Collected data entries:
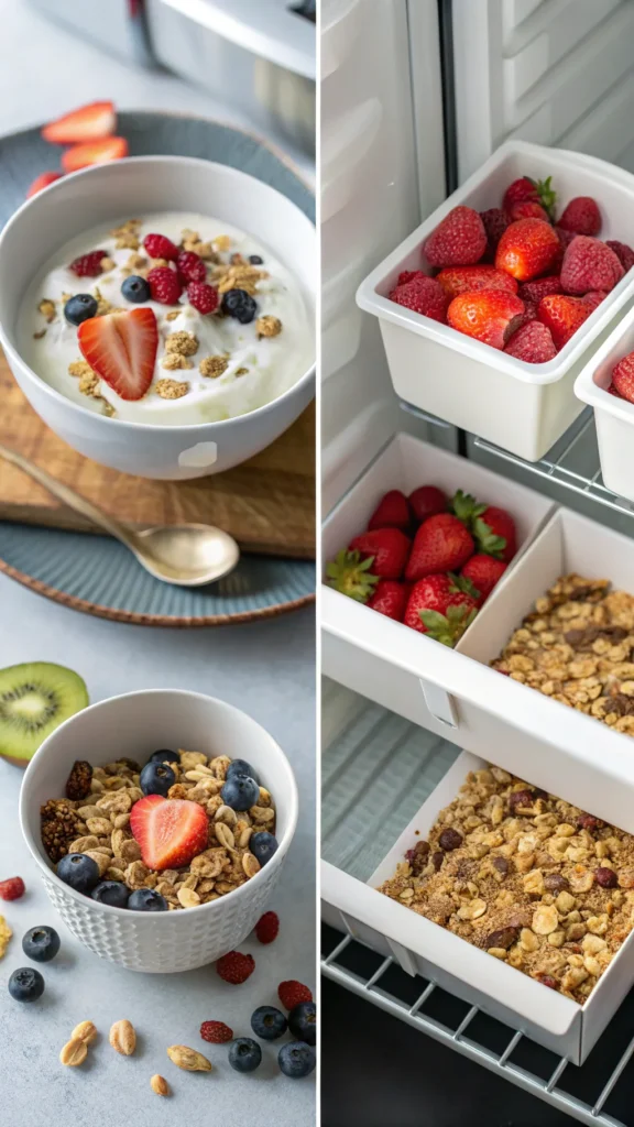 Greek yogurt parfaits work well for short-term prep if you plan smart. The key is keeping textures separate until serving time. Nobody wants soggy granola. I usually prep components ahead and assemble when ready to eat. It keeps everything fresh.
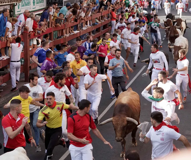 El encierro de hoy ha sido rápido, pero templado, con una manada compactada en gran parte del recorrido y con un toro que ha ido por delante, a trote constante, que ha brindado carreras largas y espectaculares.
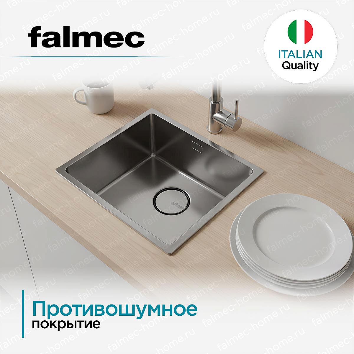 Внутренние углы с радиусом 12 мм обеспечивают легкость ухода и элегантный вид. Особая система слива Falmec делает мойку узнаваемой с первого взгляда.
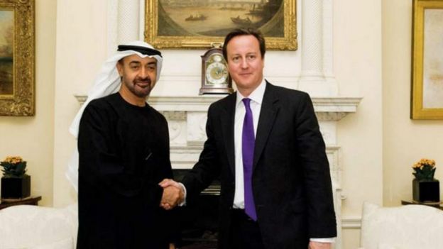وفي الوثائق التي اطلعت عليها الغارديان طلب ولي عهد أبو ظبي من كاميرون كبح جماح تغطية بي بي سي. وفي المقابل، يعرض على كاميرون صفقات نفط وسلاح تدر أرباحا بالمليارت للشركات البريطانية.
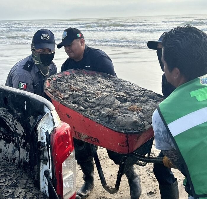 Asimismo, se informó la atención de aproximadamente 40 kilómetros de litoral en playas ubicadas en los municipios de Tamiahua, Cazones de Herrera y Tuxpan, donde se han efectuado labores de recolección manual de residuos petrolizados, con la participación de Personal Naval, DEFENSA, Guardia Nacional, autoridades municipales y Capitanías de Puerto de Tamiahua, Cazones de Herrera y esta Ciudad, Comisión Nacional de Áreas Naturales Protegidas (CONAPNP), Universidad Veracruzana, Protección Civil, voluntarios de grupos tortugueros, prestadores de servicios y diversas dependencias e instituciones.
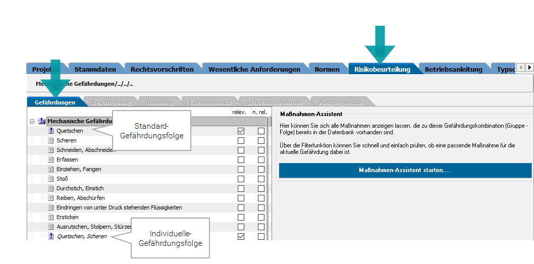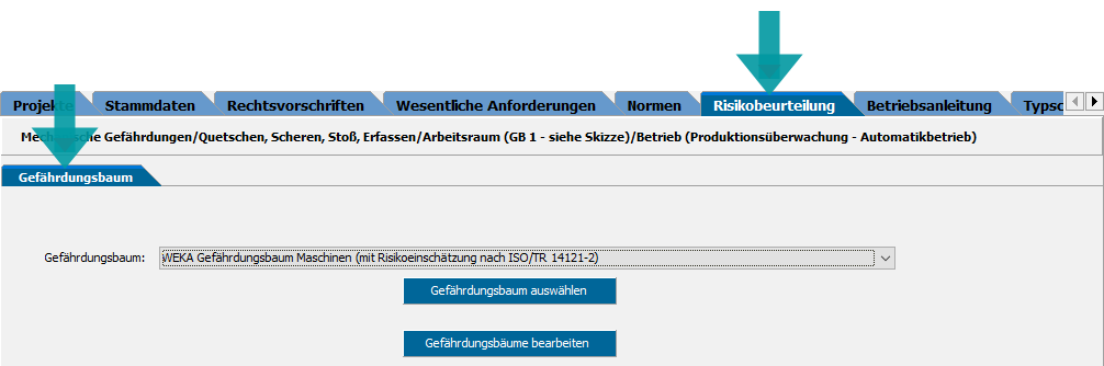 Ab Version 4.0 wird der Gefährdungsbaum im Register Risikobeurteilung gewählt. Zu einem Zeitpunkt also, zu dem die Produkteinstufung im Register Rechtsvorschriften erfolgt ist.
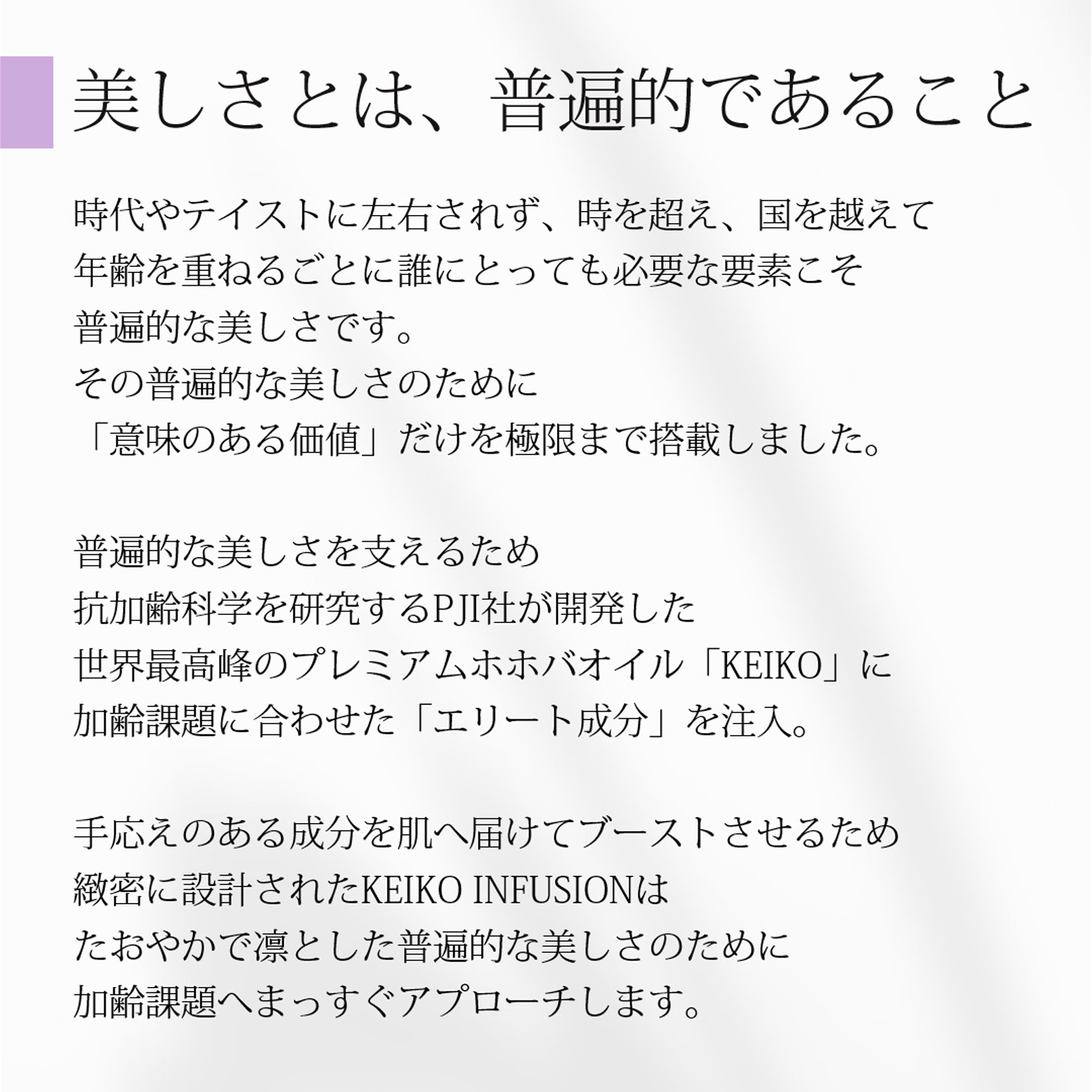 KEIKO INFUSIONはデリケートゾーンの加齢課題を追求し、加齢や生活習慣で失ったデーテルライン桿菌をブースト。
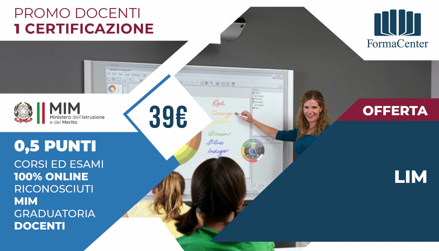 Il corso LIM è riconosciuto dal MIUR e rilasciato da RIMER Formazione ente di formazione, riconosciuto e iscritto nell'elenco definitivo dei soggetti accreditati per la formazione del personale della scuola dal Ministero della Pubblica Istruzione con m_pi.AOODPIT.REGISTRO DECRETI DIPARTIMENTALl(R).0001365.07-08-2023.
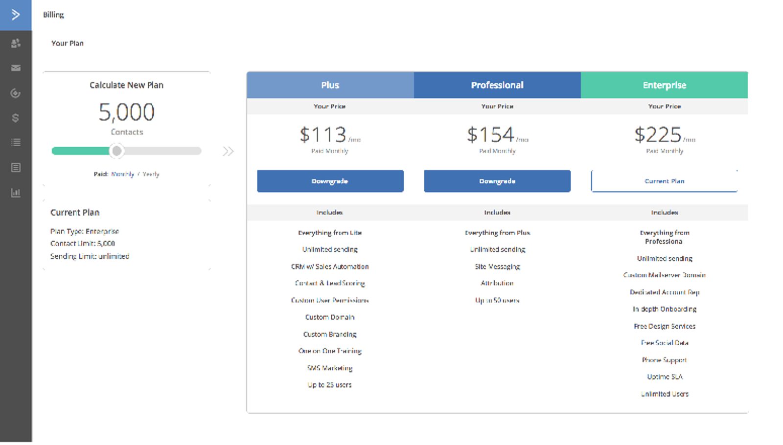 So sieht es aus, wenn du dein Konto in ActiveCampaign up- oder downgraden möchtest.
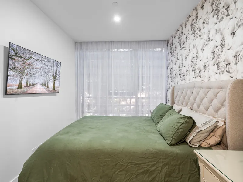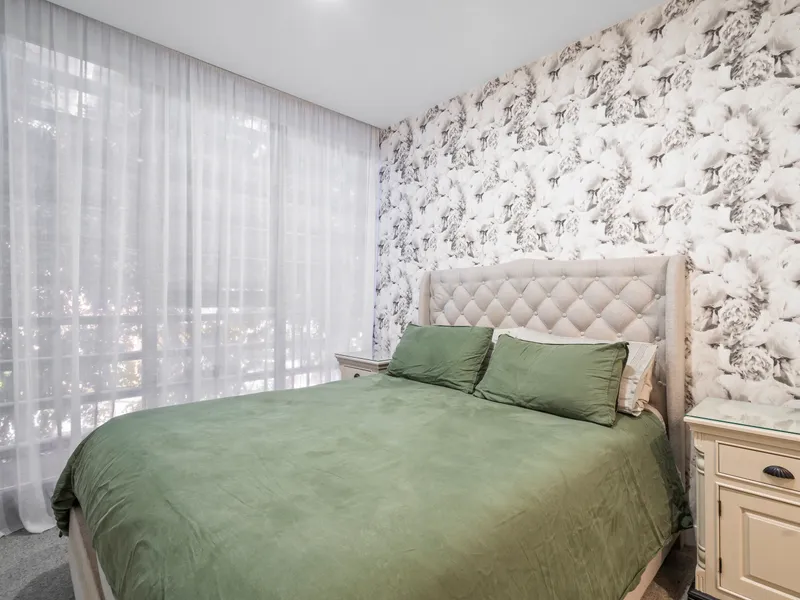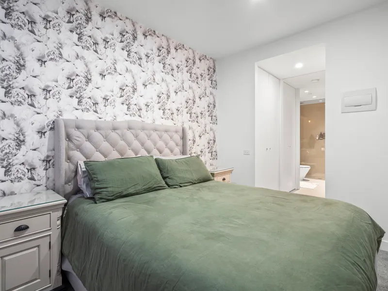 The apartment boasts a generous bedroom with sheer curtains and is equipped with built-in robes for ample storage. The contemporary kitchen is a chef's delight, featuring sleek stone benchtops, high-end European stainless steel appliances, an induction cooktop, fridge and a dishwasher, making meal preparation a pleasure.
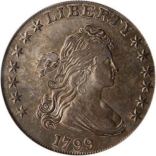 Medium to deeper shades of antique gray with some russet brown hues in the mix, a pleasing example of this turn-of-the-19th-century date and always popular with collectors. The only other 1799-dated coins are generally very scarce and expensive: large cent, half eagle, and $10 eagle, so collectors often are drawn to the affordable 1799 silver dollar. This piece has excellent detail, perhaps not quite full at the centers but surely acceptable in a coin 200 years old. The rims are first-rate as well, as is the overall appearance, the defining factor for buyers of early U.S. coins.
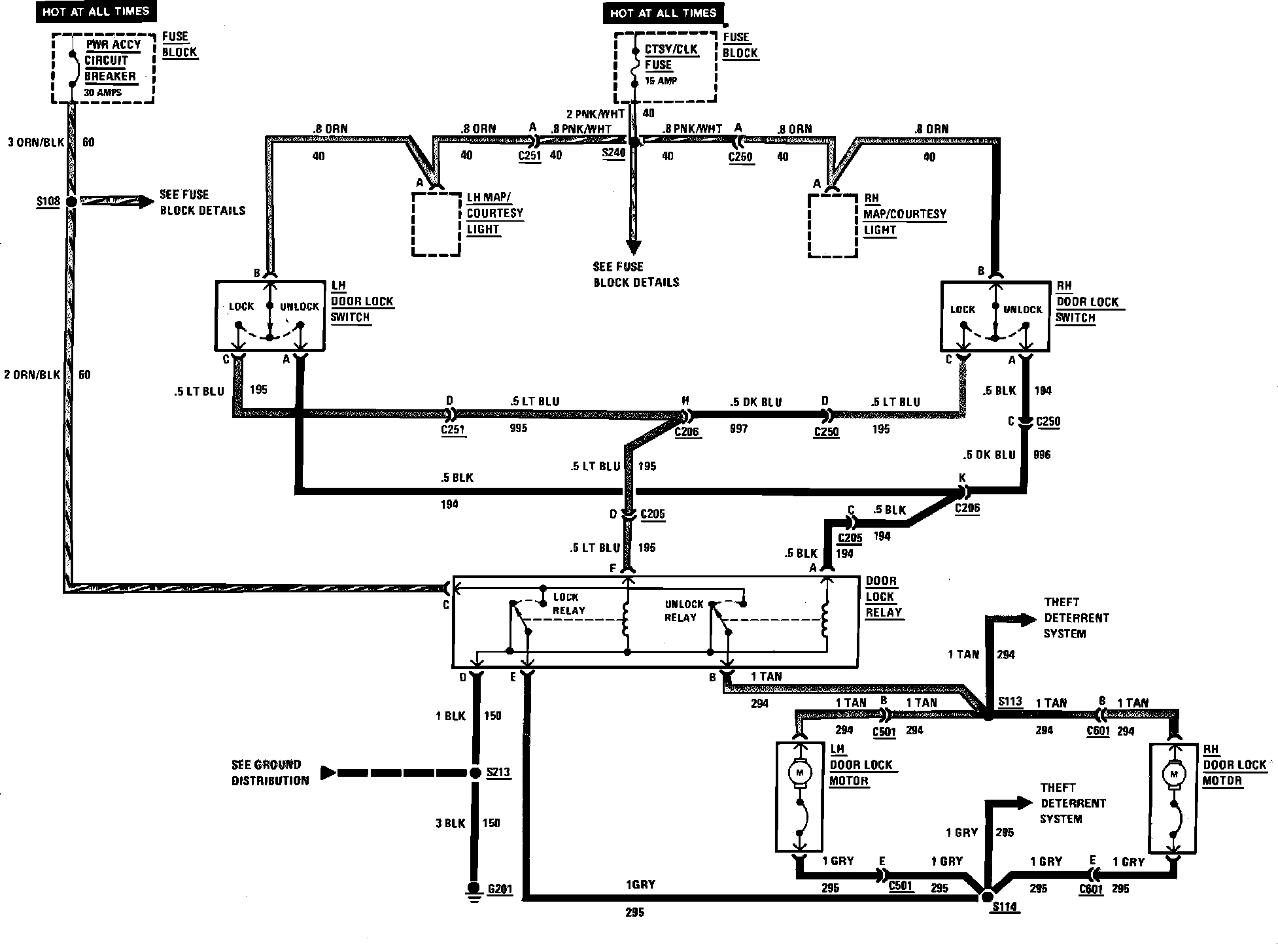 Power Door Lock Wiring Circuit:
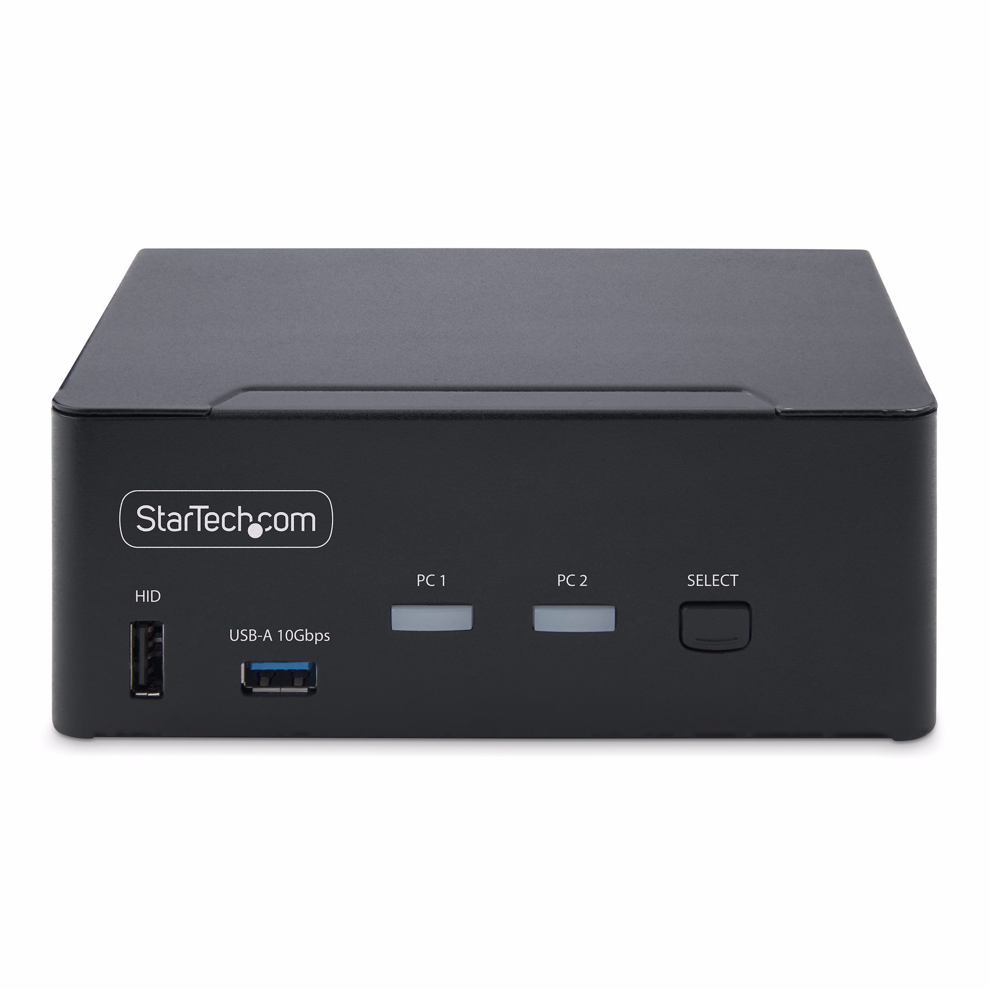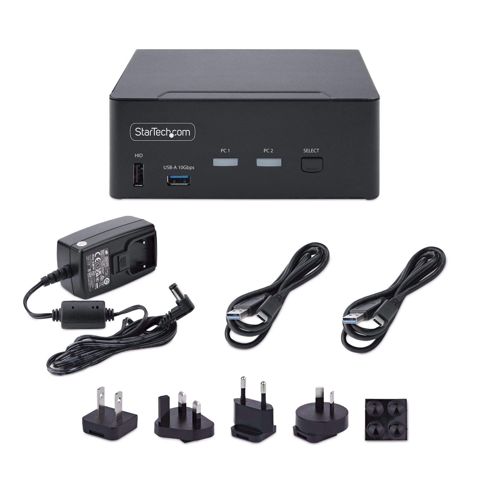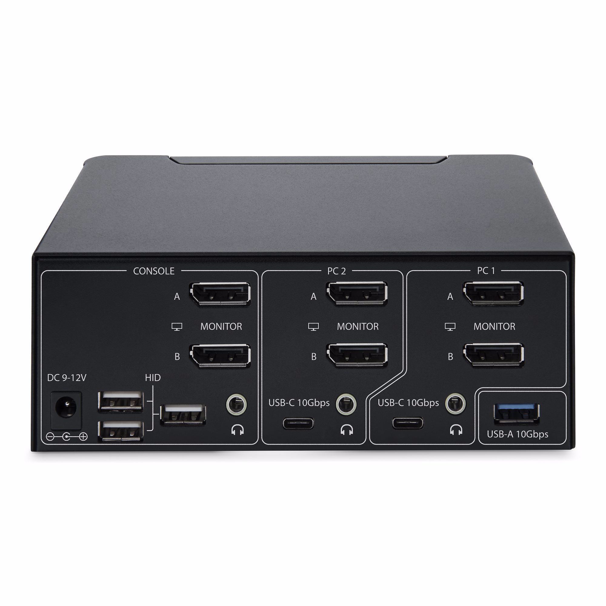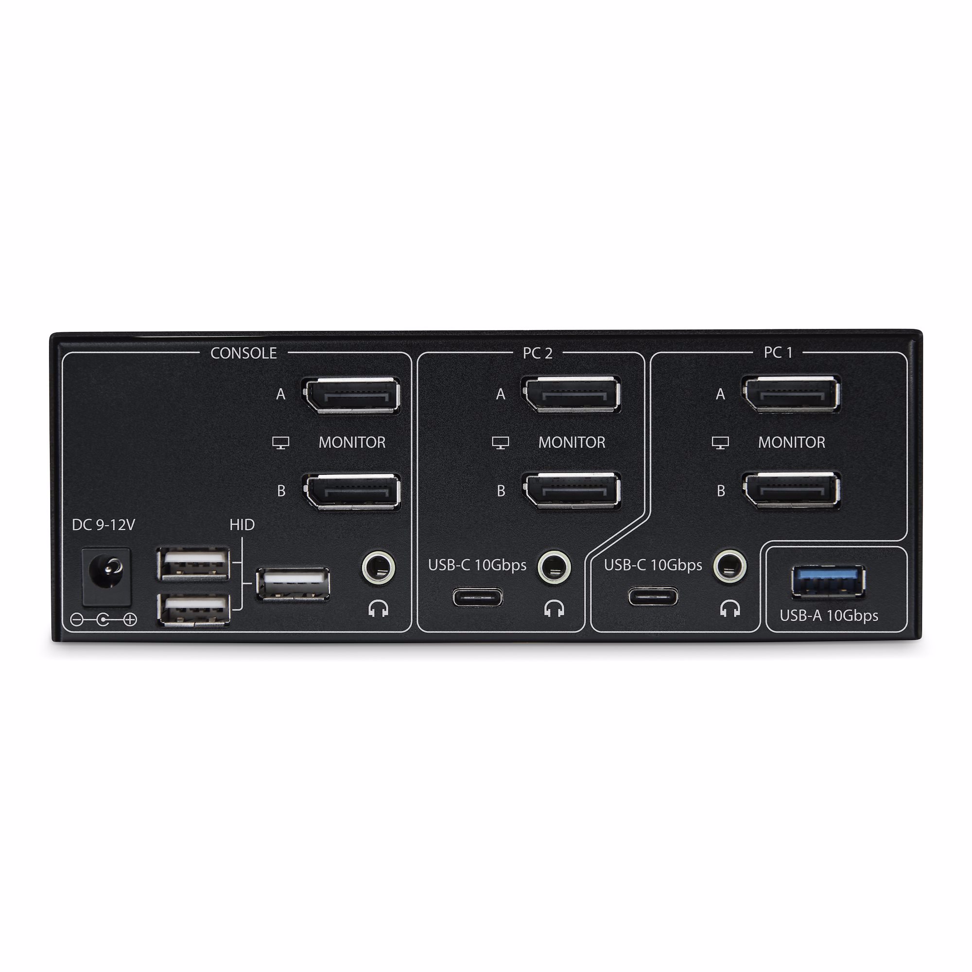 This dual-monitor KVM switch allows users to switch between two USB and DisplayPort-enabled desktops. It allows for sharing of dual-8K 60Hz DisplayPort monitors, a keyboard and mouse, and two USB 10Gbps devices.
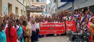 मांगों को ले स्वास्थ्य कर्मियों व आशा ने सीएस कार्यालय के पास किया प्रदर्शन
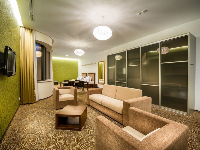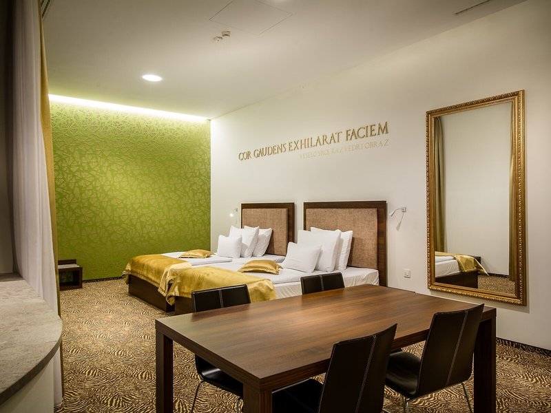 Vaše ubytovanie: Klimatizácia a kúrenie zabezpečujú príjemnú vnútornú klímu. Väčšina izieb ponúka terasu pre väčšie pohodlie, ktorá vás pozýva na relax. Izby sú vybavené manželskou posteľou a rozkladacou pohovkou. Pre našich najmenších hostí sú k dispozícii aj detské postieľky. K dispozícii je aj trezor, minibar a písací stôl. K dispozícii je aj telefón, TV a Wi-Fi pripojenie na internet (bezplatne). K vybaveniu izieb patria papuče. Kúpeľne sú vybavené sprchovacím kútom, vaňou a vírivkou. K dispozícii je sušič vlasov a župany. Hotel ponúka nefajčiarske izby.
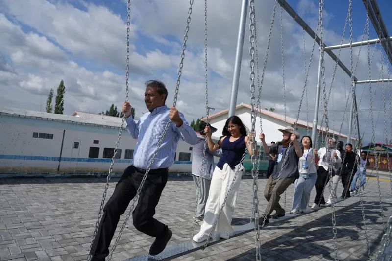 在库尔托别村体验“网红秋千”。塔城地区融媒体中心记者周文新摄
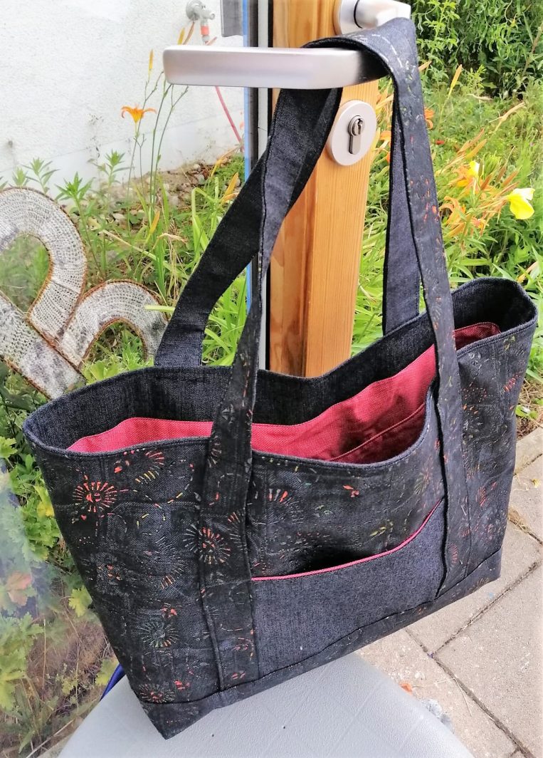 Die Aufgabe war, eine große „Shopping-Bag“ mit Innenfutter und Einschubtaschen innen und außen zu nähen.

▶ _EXERCISE OBJECTIVE_:
With the pictures left out, restate word for word every line of the data above, from the first down to the line that contains "KEIKO INFUSION".

▶ _RESPONSE_:
 Greek yogurt parfaits work well for short-term prep if you plan smart. The key is keeping textures separate until serving time. Nobody wants soggy granola. I usually prep components ahead and assemble when ready to eat. It keeps everything fresh.
 El encierro de hoy ha sido rápido, pero templado, con una manada compactada en gran parte del recorrido y con un toro que ha ido por delante, a trote constante, que ha brindado carreras largas y espectaculares.
 Внутренние углы с радиусом 12 мм обеспечивают легкость ухода и элегантный вид. Особая система слива Falmec делает мойку узнаваемой с первого взгляда.
وفي الوثائق التي اطلعت عليها الغارديان طلب ولي عهد أبو ظبي من كاميرون كبح جماح تغطية بي بي سي. وفي المقابل، يعرض على كاميرون صفقات نفط وسلاح تدر أرباحا بالمليارت للشركات البريطانية.
 Asimismo, se informó la atención de aproximadamente 40 kilómetros de litoral en playas ubicadas en los municipios de Tamiahua, Cazones de Herrera y Tuxpan, donde se han efectuado labores de recolección manual de residuos petrolizados, con la participación de Personal Naval, DEFENSA, Guardia Nacional, autoridades municipales y Capitanías de Puerto de Tamiahua, Cazones de Herrera y esta Ciudad, Comisión Nacional de Áreas Naturales Protegidas (CONAPNP), Universidad Veracruzana, Protección Civil, voluntarios de grupos tortugueros, prestadores de servicios y diversas dependencias e instituciones.
 Ab Version 4.0 wird der Gefährdungsbaum im Register Risikobeurteilung gewählt. Zu einem Zeitpunkt also, zu dem die Produkteinstufung im Register Rechtsvorschriften erfolgt ist.
 KEIKO INFUSIONはデリケートゾーンの加齢課題を追求し、加齢や生活習慣で失ったデーテルライン桿菌をブースト。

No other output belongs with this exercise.